France dispatched 500 troops to join US soldiers in Romania last year right after Russia invaded Ukraine. Dutch and Belgian soldiers soon joined them.
As of December, some 5,000 foreign troops were stationed in Romania -- the largest contingent of allied forces on the bloc's southeastern flank.
NATO conducted nine joint exercises last year, from the eastern Mediterranean to the Baltic Sea, the International Institute for Strategic Studies (IISS) says.
- The troops -
"Together NATO allies represent 50 percent of the world's military might," NATO chief Jens Stoltenberg said on Tuesday welcoming Finland into the alliance. "As long as we stand together and protect each other... there will be no military attack against a NATO ally."
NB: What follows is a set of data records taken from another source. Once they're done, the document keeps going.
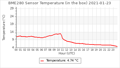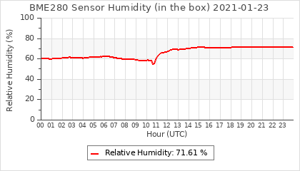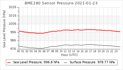 Experimental atmospheric pressure measurement with a simple sensor: BOSCH BME280The instrument is in the data collection box of the CR10X, the temperature and humidity do not reflect the real air conditions, because the box is in the sun and is not properly ventilated for these measurements.
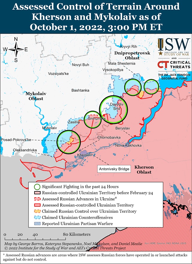 «Украинские и российские источники постоянно указывают на то, что российские войска продолжали укреплять российские позиции в Херсонской и Запорожской областях, несмотря на недавнее сворачивание фронта Харьков-Изюм и даже после уничтожения российских позиций вокруг Лимана. Решение не укреплять уязвимые линии фронта Купянск или Лиман почти наверняка было принято Путиным, а не военным командованием, и это свидетельствует о том, что Путин гораздо больше заботится о содержании стратегической территории Херсонской и Запорожской областей, чем о Луганской области», – считают эксперты ISW.
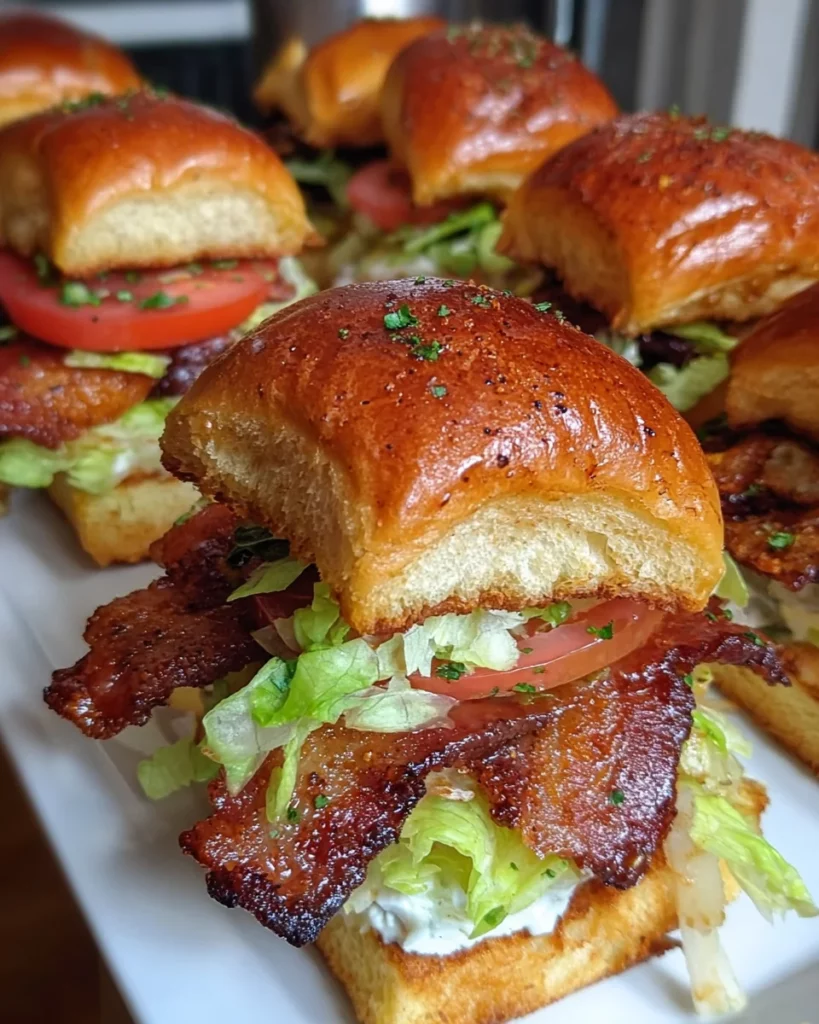 Candied Bacon BLT Sliders are an irresistible combination of sweet, salty, and savory flavors packed into a bite-sized treat, perfect for any gathering.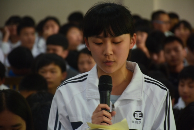 校长罗湘云、年级主任倪南辉、德育主任刘文、教务主任梁初贤在主席台就座。校长罗湘云作了激情洋溢的讲话。罗校长说,这一届初三年级,给校长最多的是感动。这一届初三学生,不管是精神风貌还是纪律作风,表现都是相当不错的,让我这个校长看到了希望,也让老师们看到了希望。罗校长向同学们介绍了整个耒阳今年中考的严峻形势,由于受学位限制,今年全市将有一万初三毕业生不能升入高中学习。罗校长希望同学们认准目标,切合实际,抓准最后两个月时间,努力拚博,争取考出自己理想的成绩。罗校长介绍说,正源今年复读生周孝金同学美术成绩已达清华大学美术学院分数线,在湖南全省排名第一,在全国排十一位,估计文化成绩没问题。罗校长鼓励同学们可发扬特长,通过美术、音乐、体育等特长考入理想学校。罗校长简要介绍了正源国际化进展及美国社区大学情况,启发同学们人生的路千百条,但要抓住关键的几步。最后罗校长鼓励同学们坚持就是胜利,苦读两个月,夺取今年中考新辉煌。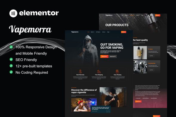Vapemorra is professional Elementor Template Kit for Vape Store. This template kit is perfect for any business or service related to vape, such as vape community & shop, vape store, electric cigarette etc. It has 12+ pre-built templates with clean design and modern style.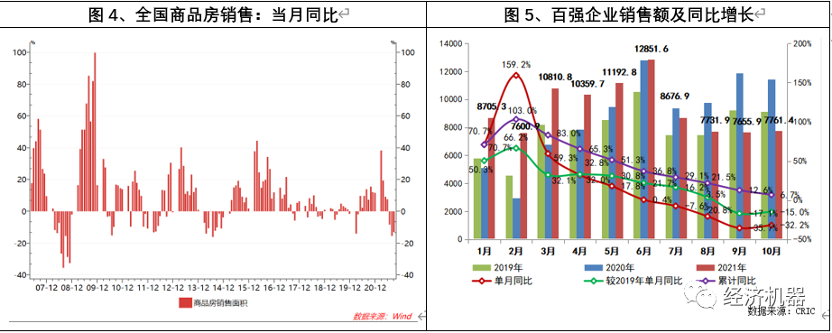 1)房地產(chǎn)銷售持續(xù)下滑。9月份全國商品房銷售面積當(dāng)月同比下跌13.2%,連續(xù)3個月同比負(fù)增長;百強(qiáng)企業(yè)銷售額10月份同比上年下降32.2%,絕對金額連續(xù)3個月環(huán)比回落。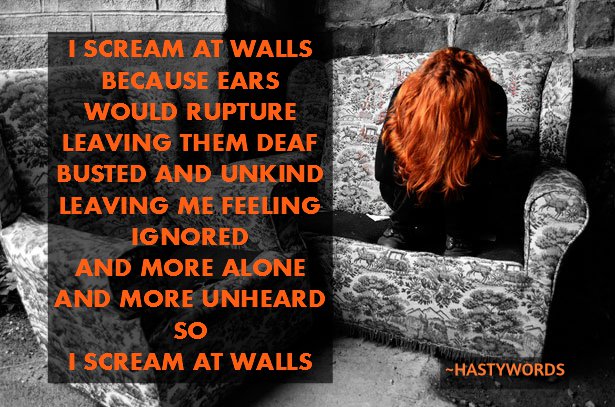 “I scream at walls because they can’t confirm the lies inside my head.” β€
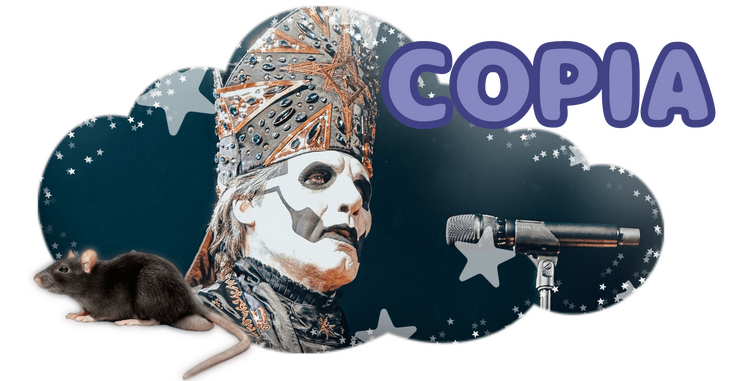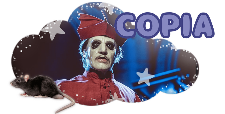 Copia knows not who his parents are and, thus, is unaware of the true nature of his status. He was born to the leader of the Satanic church, Papa Emeritus Nihil; and his wife (now ex-wife) Sister Imperator.However, Imperator never told a soul that she became pregnant, as on the night she was to announce her pregnancy to her husband, she witnessed him with another woman. She left that particular branch of the church and gave birth to (what she believed to be) the Antichrist in secret. Copia isn't even aware that she is his mother, but she still guides him as his "supervisor."Raised in the church, Copia was very devout. He spent most of his time in the library, researching under the watchful eyes of the church's higher ups. Throughout his early years, and even the rest of his life, he would be picked on for his appearance, his interests, and his unusual tendencies.As he grew older, Copia would be transferred to work under the watch of Sister Imperator, eventually being promoted up to the position of Cardinal. Pleased with the progress he had made, Imperator made preperations to take Copia overseas and return to the Ministry in order to prepare him for his role as Papa.Upon arriving, Copia was met with the news that Papa Emeritus III was forcefully removed from his role as the frontman for Ghost - Copia was made to take his place, wherein he found he enjoyed the endless praise of Ghost's devoted fandom.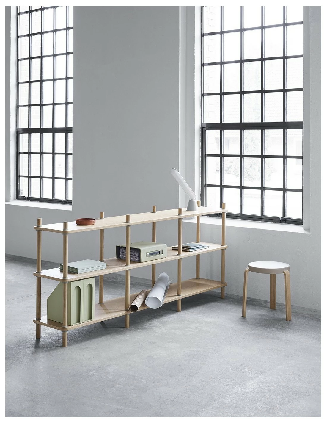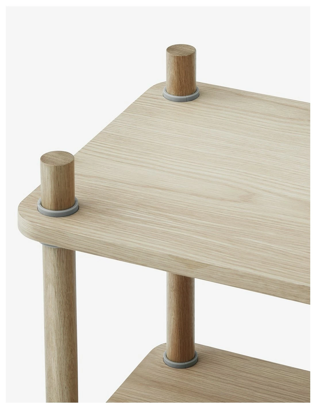 Jam es una estantería de roble de Normann Copenhagen ensamblada sin el uso de puntas o tornillos gracias a cuñas de polipropileno.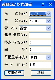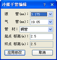 如果選擇的管線為冷媒管,彈出以下對話框:

According to the Supreme Headquarters of Allied Powers in Europe (SHAPE), NATO can count on up to 3.5 million soldiers and personnel.
The three nations providing most military staff are the United States with 1.47 million active troops plus 800,000 reservists, Turkey with 425,000 soldiers and 200,000 reservists, and France with 210,000 troops and 40,000 reservists.
NATO has since 2004 had a multinational response force of some 40,000 soldiers on top of the 100,000 US troops already on European soil. It says it hopes to increase this to 300,000 soldiers.
It has also set up a "spearhead force" within it, dubbed the "Very High Readiness Joint Task Force" or VJTF, able to deploy 5,000 personnel in two to three days.
- 'Renewed unity' -
NATO had in recent years faced an existential crisis.
French President Emmanuel Macron in 2019 famously said that NATO was experiencing "brain death" after it failed to respond to Turkey's unilateral invasion of northeast Syria.
But Russian President Vladimir Putin's "re-invasion of Ukraine has provided the fuel for the alliance's renewed unity and recommitment to cooperative security, crisis management, and collective defence," retired general Philip M. Breedlove, who used to head US European Command, wrote in February.
According to IISS, the alliance has since doubled its deployment from four battle groups –- in Estonia, Latvia, Lithuania and Poland –- to eight, including Bulgaria, Hungary, Romania and Slovakia.
But "it is likely that most of the high-readiness forces will need to be European", it said in an annual assessment for 2023.